India’s case stands as irrefutable proof: even in the near-total absence of screening, treatment, or vaccination until 2026, DPR fell from 0.0099% in 1970 to 0.0028% in 2026, a ~72% proportional decline over 56 years. This was accomplished solely because the immune system cleared >95% of HPV infections in the vast majority of people.
Taken together, the data across every country, every phase, and every metric demonstrate beyond doubt that the immune system and healthcare interventions were the primary drivers of cervical cancer decline up to 2026 (same will extend to 2030 too), with vaccines playing nil role.
The secular trend was already firmly established by biology long before any vaccine arrived. Claims attributing these massive reductions to vaccination are not only premature but biologically implausible and must be rejected.
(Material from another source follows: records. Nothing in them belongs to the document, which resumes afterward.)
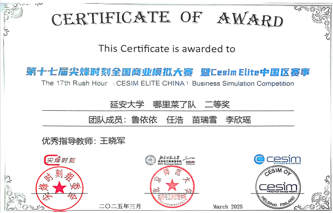 3月28日至30日,第十七屆 “尖烽時刻”全國商業(yè)模擬大賽總決賽在北京師范大學(xué)舉行。由延安大學(xué)會計(jì)碩士與工商管理碩士研究生魯依依、任浩、苗瑞雪、李欣瑤組成的“哪里菜了隊(duì)”歷經(jīng)初賽、復(fù)賽以及三天的總決賽,從全國170所高校的2000多支隊(duì)伍中脫穎而出,獲得全國研究生組二等獎。
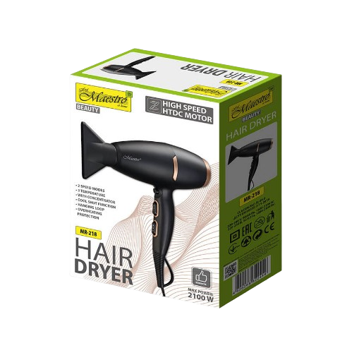 Фен для волосся Maestro MR-218 — це потужний і функціональний прилад, призначений для швидкого й ефективного сушіння та укладання волосся. З потужністю 2100 Вт він забезпечує високу продуктивність і швидкий результат. Надійний HTDC мотор розрахований на тривале використання, що робить фен придатним як для домашнього, так і для професійного застосування.
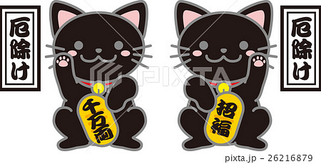 招き猫_黒まねき猫_厄除け招き猫_まねき猫のイラスト
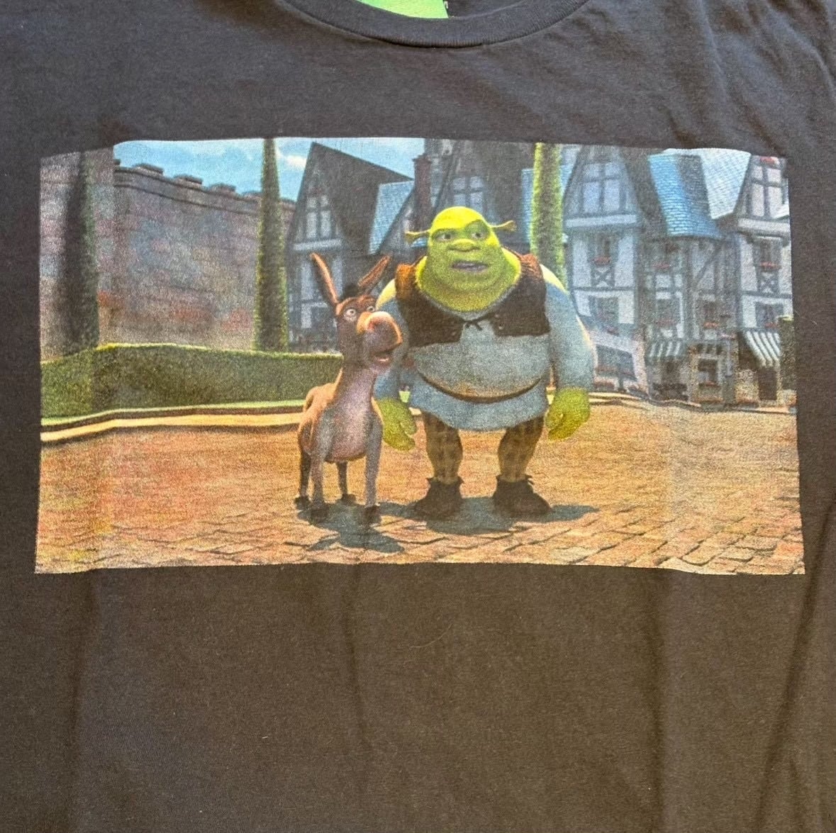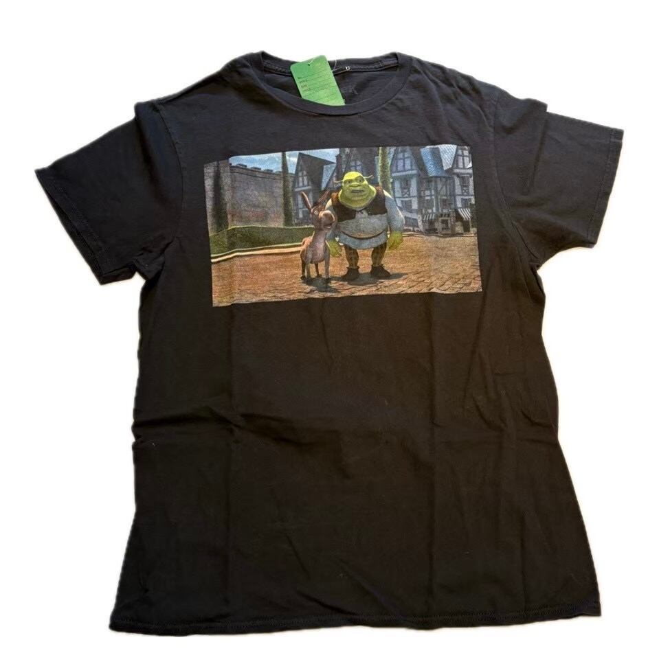 映画『シュレック』のワンシーン(シュレックとロバのドンキーが並んでいる場面)を前面に大きくプリントした、公式ライセンス品のムービーTシャツです。 肩幅約42cm 身幅約49cm 着丈約64cm 袖丈約18cm 20643757

Humanity’s greatest shield against cervical cancer has always been its own immune system—resilient, widespread, and extraordinarily effective—supported where possible by healthcare. This truth, grounded entirely in the observed epidemiological reality, offers the clearest path forward: continue strengthening natural immunity and accessible care while recognizing that the foundation of progress was never pharmaceutical intervention alone.